IMF, of course, expected the loss of public investment to be made up by a rise in private investment. This never happened either because the crony capitalism that emerged under the guiding hand of Gamal Mubarak interfered, or because neoliberalism just doesn’t work the way neoliberal economists think it does (and crony capitalism just made it worse).
Eventually these grievances exploded, driving people to Tahrir Square, and the rest is history.
Either way, whether taking the modernity or Marxist approach, writes Hinnebusch, the crisis “was a function of the relative degree of economic blockage and the imbalance between social mobilization and political incorporation.”
Large cross-class coalitions, involving revolutionary youth, union activists, Islamists, and the urban poor joined to overwhelm by sheer numbers the very substantial security forces and to converge on the center of power while no social forces – even the constituents of the large ruling parties – seemed prepared to defend the regimes.
- First, grievances had to have reached a tipping point sufficient to mobilize a lot of people in spite of the risks of defying the state security apparatus, and
- second, opportunity structures needed to exist that are favorable for regime change.
But why did this process not lead to democratization?
The answer, Hinnebusch says, has to do with “anti-regime mobilization and varying levels of regime resilience in the face of this mobilization.”
Anti-regime mobilization has to do with the capacity of protests to continue in the face of authoritarian measures against them. One sign of strong anti-regime mobilization is that when the standard authoritarian measures failed, efforts by the regime to scale up their anti-protest actions often backfired, leading to greater protest:
How regimes responded to protests mattered; indeed one commonality was that the brutal over-reaction of security forces against protesters spread rebellion to much wider sections of the population. Videos of beatings and shootings escalated demands for reform into demands for the “fall of the regime”.
In Egypt and Tunisia insider-outsider coalitions (for example, the army and the Muslim Brotherhood in Egypt) came together to engineer a peaceful exit of the president, ushering in a possible transition from authoritarianism. However, it is very difficult for the sort of unorganized mass protests, lacking leadership or organization, that characterized the Arab uprisings to bargain
This is particularly true in Egypt where the deep structure is characterized by neo-patrimonialism, “a hybrid of personal and bureaucratic authority in which there
can be considerable variation in the relative balance” between two sources of authority:
- co-optation, the capacity of a power structure to bring its opponents in line through sharing of power or wealth; and
- repression, the use of courts, military trials, states of emergency and other efforts to suppress voices that will not be co-opted.
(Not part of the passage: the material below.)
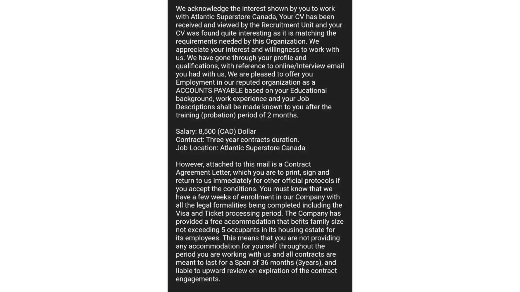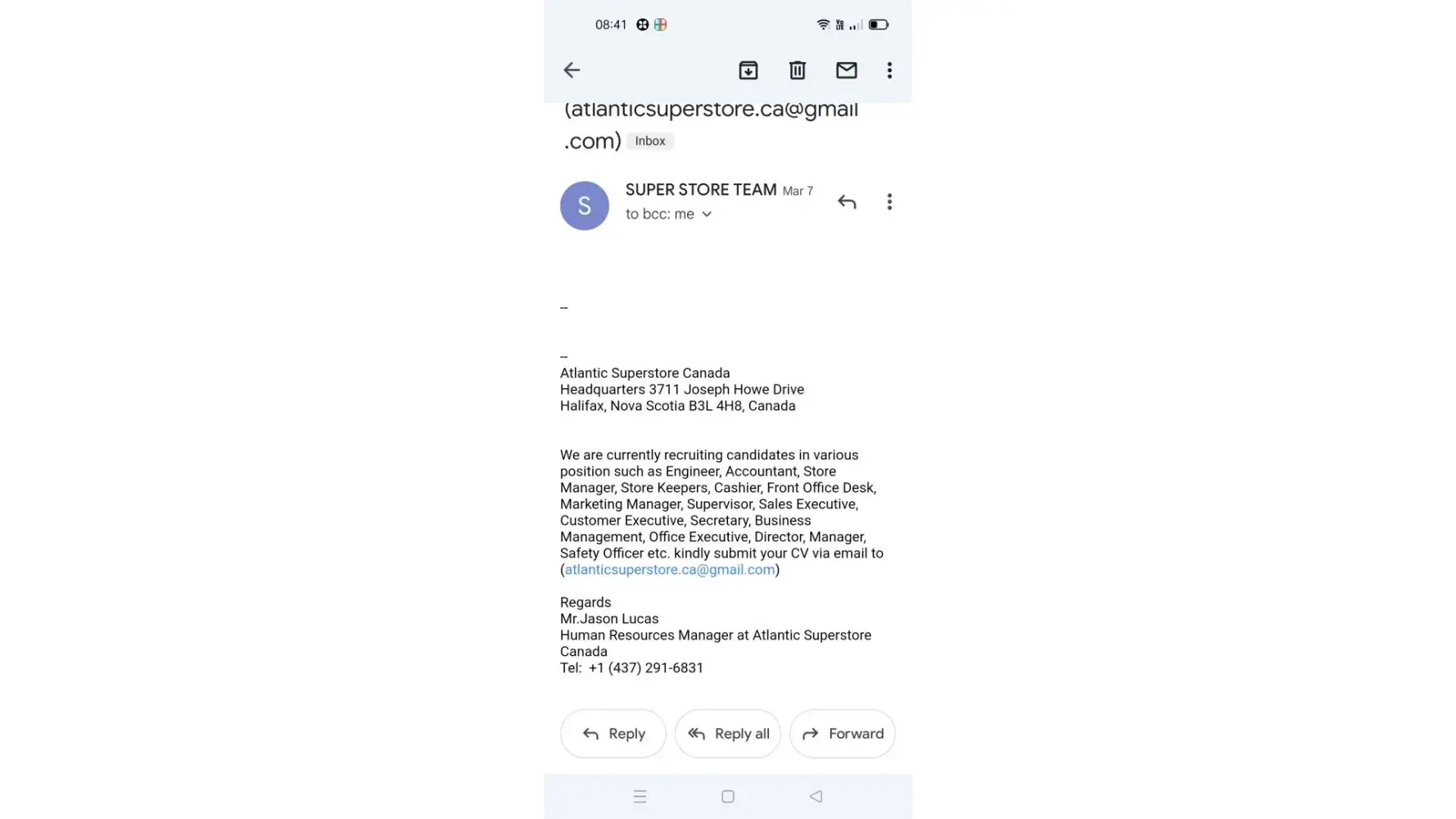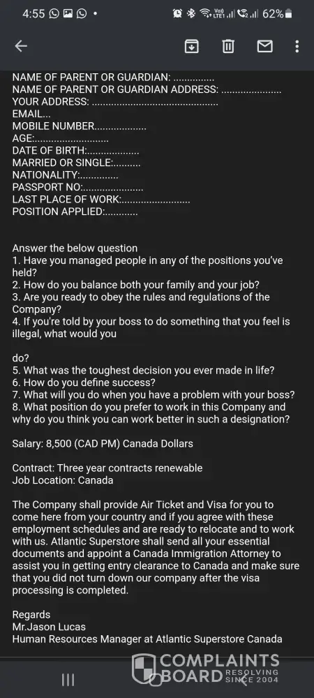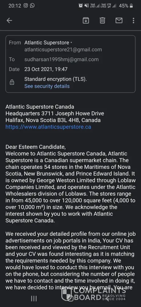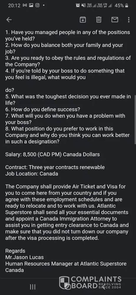 I got a mail from a mail id ([protected]@gmail.com) mentioned that atlantic superstore is recruiting candidates and paying 8500 CAD per month on 3 years contract basis for abroad candidates. It was mentioned that mail has sent by Mr. Jason Lucas, Human resources manager.

This is a great article for teaching because it offers a primer of all the classic political science approaches to the Arab Spring, from democratization theory to post-democracy theory to modernization theory to Marxian theory to social movements theory laid out in a single coherent model.
Even if one finds these models contrived and simplistic, the clarity with which they are laid out is very useful for entering into discussions with students (who may find them quite compelling). I’ll probably be using it next year in my International Studies capstone on the Middle East.
Filc, Dani. 2009. The Political Right in Israel: Different Faces of Jewish Populism. Routledge.
Hinnebusch, Raymond. 2015. Introduction: understanding the consequences of the Arab uprisings — starting points and divergent trajectories. Democratization 22(2): 205-217.